If they have fears about losing revenue - and although I find them silly - there are other ways of going about it, such as only allowing access to pages some weeks or months after they've been published.
Civility is a good keyword, and while this may be a bit of a stretch, imagine sitting in public cafés and writing down what people say, and then criticizing people for lowering their voice and turning their back so you can't read their lips, even though you genuinely mean well, and just want to preserve daily public life for future historians. In general, this is what this attitude of "the internet" feeling entitled to whatever was ever posted anywhere feels to me. Maybe I just don't get it, but I really don't get it.
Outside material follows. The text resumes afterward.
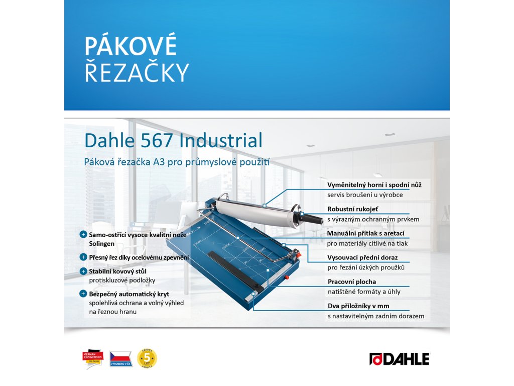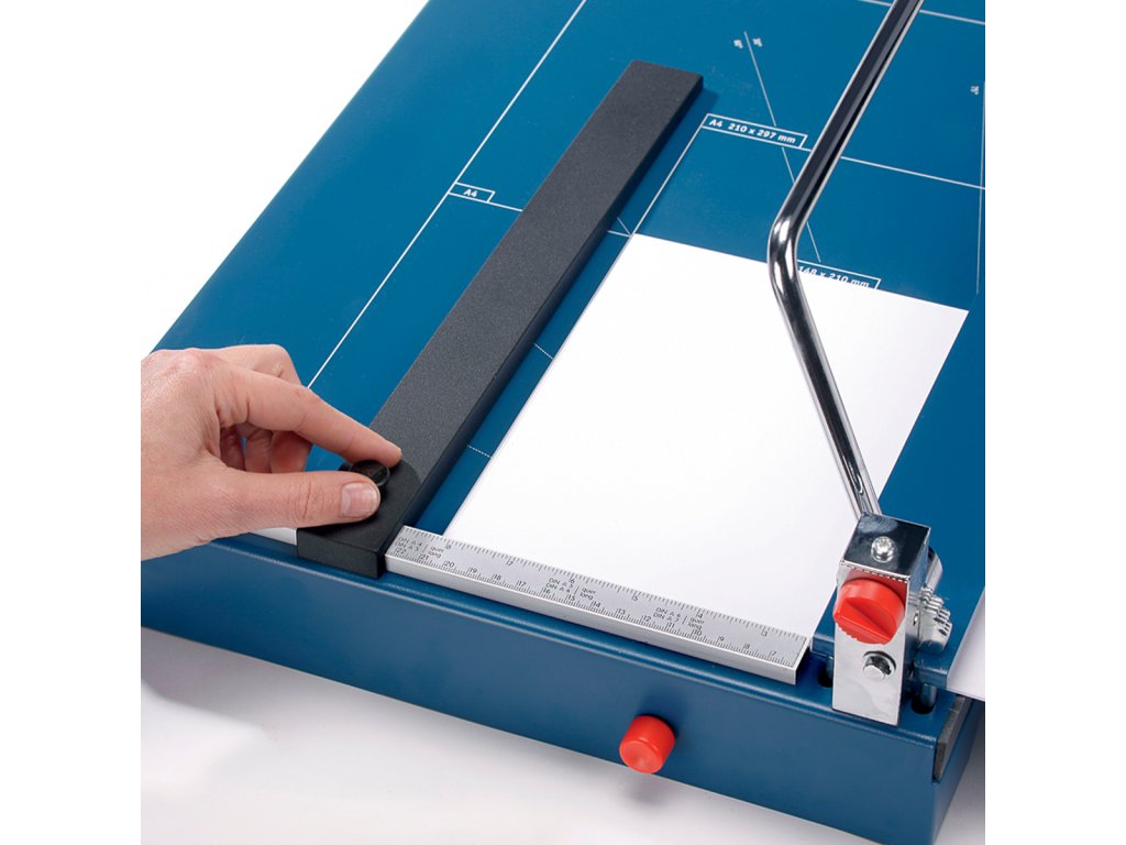 Vysoce kvalitní řezačka pro průmyslové použití. Samo-ostřící vysoce kvalitní nože Solingen pro stálou kvalitu řezu. Ocelové zpevnění hřbetu nože zaručuje stabilitu a přesnost řezu. Vyměnitelný, brousitelný horní i spodní nůž. Stabilní kovový stůl s neklouzavými pryžovými podložkami pro komfortní provoz. Robustní rukojeť s výrazným ochranným prvkem. Vysouvací přední doraz do 210 mm pro řezání úzkých proužků. Bezpečný automatický kryt poskytuje spolehlivou ochranu a volný výhled na řeznou hranu. Natištěné úhly a DIN formáty usnadňují přesné vyrovnání řezaného materiálu. Dva příložníky s dělením v mm a nastavitelným zadním dorazem pro fixaci řezaného materiálu a přesný řez 90°. Manuální přítlak s aretací pro materiály citlivé na tlak. Vyrobeno v ČR.Doplňkové parametry

I think the question wether a private conversation should be recorded just because it's in public, just because you can, is kind of a no-brainer, but here are ones I don't have an answer to: Should an artist be allowed to make a performance and ask it to not be recorded? Should someone be able to hold a political speech and ask the same? For me the answers are kind yes, and no-ish... but what about political art? Are we allowed to try to influence people, and then try to erase the traces? Now that is tricky, and I may have ended up ranting myself into agreeing more with the IA "side" of the argument than I expected to. Because either something is personal, trivial in one way or another, or commercial and/or political. Personal things I think should be respected, but commercial and political things shouldn't be, they do belong to historians. Well, fuck.
[this is why I "blog" bit, actually -- because posting stuff online makes me think harder about them than I would otherwise, I don't even need an actual audience for that, just the possibility of one -- but that's also why I don't feel great about all of that floating around forever, it's all rather temporary in nature, a process.. and the person who wrote stuff a year ago does not exist anymore, so why should the name of this current person be attached to it?]